The other main part of an object is the surface colour; the texture, as it called. Unless you want the picture to look like it belongs in a children's colouring book, the texture for many objects has to be quite complex too. It is usually an image file done on something like Paintshop and then applied to the object. And the contours have to be exactly right too, otherwise you get weird white gaps appearing everywhere. You can control how opaque the model is too, how glossy it will be. And its reflective qualities, something called refraction, something else called displacement. And so on, until you start wanting to add a physics degree to the art and biology ones you have already had to get. Either that or you just wing it and hope for the best.

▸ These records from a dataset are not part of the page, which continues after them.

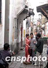 一對身著中式傳統(tǒng)服裝的青年男女在福州老城區(qū)“三坊七巷”里拍攝婚紗照。時下,越來越多的福州年輕人熱衷懷舊風格的婚紗照。作者:鄭祚聲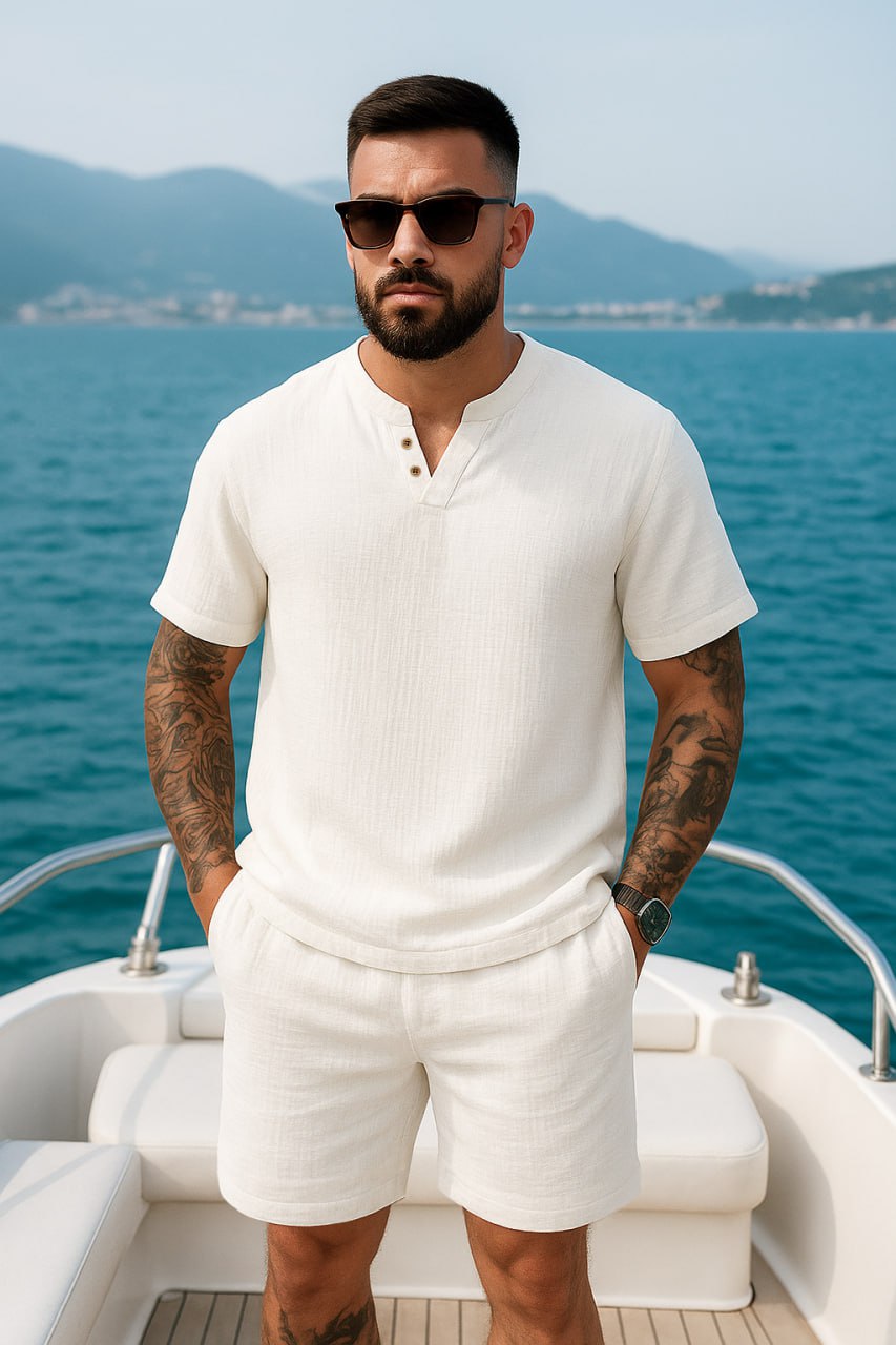 Чоловічий Білий Легкий Літній Мусліновий Костюм Комплект (Футболка + Шорти)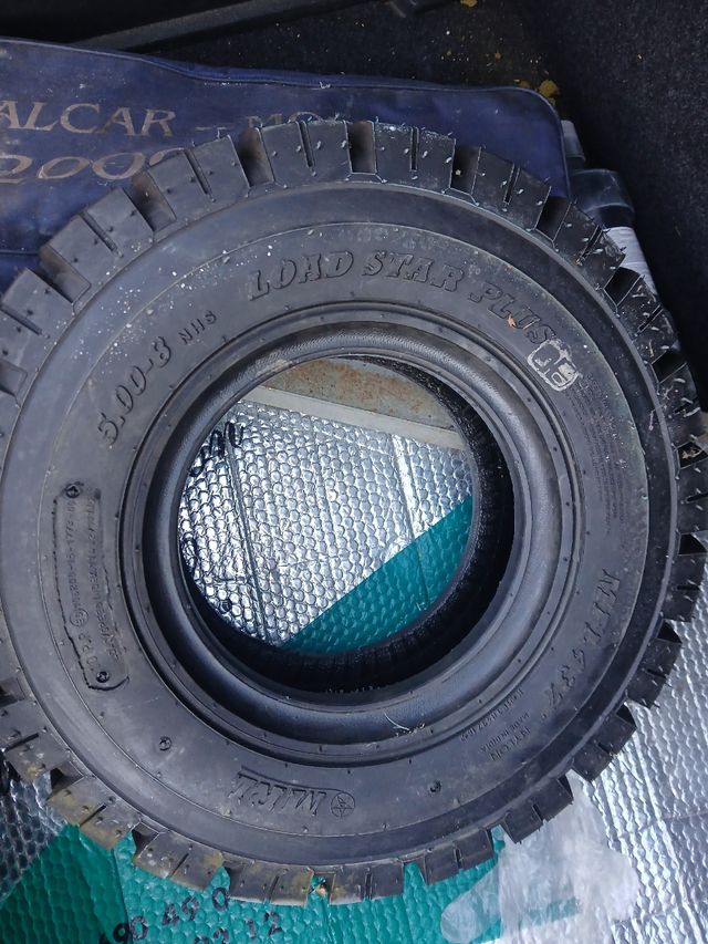 Detalles del productoNeumático agrícola usado Load Star Plus de 5.00-8. Se encuentra en buen estado, aunque presenta señales de uso.

Finally, when you have all the objects positioned perfectly, when they are all coloured in right, when the camera angle is correct and the lights are gleaming... You hit Render. This turns the three dimensional model into a two dimensional image. More importantly, into a file which can be read quickly by any other computer in the world, rather than the 0.0001% which also have Daz installed. Or even something which can be printed out, if you are feeling quaint.
Then you peer at your render and finds it look rather different to spectacular figure which you first dreamed. So you go back to Daz, fiddle around with the dials again, bite your lip somewhat; and hit Render again. Then study the amended image, sigh some more, fiddle some more. And so the long night wears on; and so your youth slips away.